Stephen Bumstead

19 October 2001

Stephen Bumstead

Stephen Bumstead farms

148ha (365 acre) from Ouse

Bank Farm, Great Barford,

Beds. He is a first

generation farmer and

council tenant, growing

combinable crops on three

blocks of land. He supports

LEAF and is the FWAG

county treasurer

LATE September gave us absolutely dreadful local weather and we are still trying to tidy up our harvest.

Tackling flat and weedy late-sown spring barley is very frustrating with weather fronts moving through so quickly and frequently.

Trying to find an accurate forecast is a mammoth task in itself. The celebrity television forecasters get it totally wrong more often than not and even internet websites are not consistent. It must be one of those "freak weather patterns" we are experiencing.

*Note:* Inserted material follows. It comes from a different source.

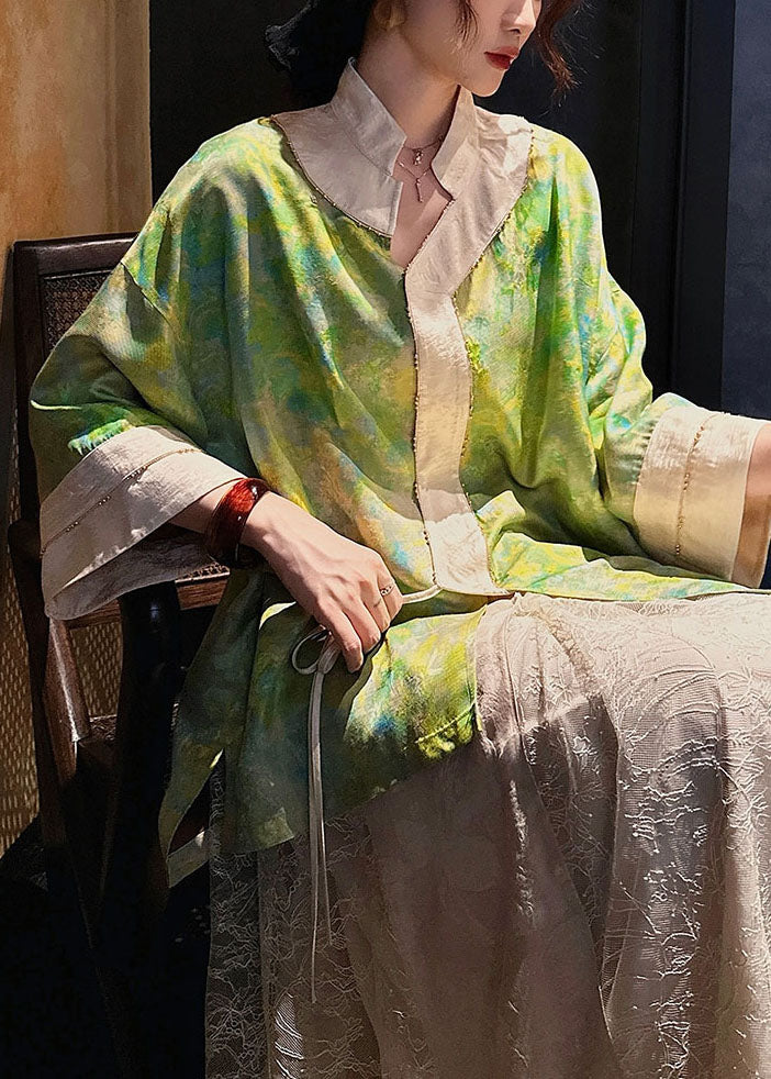 Chinese Style Yellow Print Lace Up Silk Shirt Top Fall

Min-till seems to be order of the day in many arable areas but not around here. In this part of Beds ploughing still rules supreme, a slow job that I hate. There are so many adjustments, so many wearing parts and I get so bored – not to mention trying to keep a straight furrow. Like others round here I prefer to follow the earths curvature.

In August I had a Howard Delta stubble cultivator on demonstration which I have now bought. Two passes with its winged tines, levelling discs and cage roller produce a respectable seed-bed for our triple "K" tined combination drill on our soils. The only snag is I now need pre-drilling glyphosate – the weed and volunteer chit is just magnificent. So far wheat establishment by this method, at 200-250 seeds/ sq m, seems good but only time will tell, especially as we have never had to use slug pellets in the past.

Wheats this year are Malacca and Option. Nothing was drilled ultra early because of our latish harvest but I still hope to complete drilling before mid-November – weather permitting of course.

A farmers son who writes in a regional farming magazine has been chastising those who bemoan the strength of sterling, weather and the governments bad attitude towards the farming industry. He is about to dispense pearls of wisdom regarding how to develop our businesses. This I cannot wait to see. As every farm worker knows, the best farmer in the world is the farmers son. &#42

"I hate ploughing," says Stephen Bumstead in Beds. A new cultivator seems to be a solution but the proof will come next harvest, he says.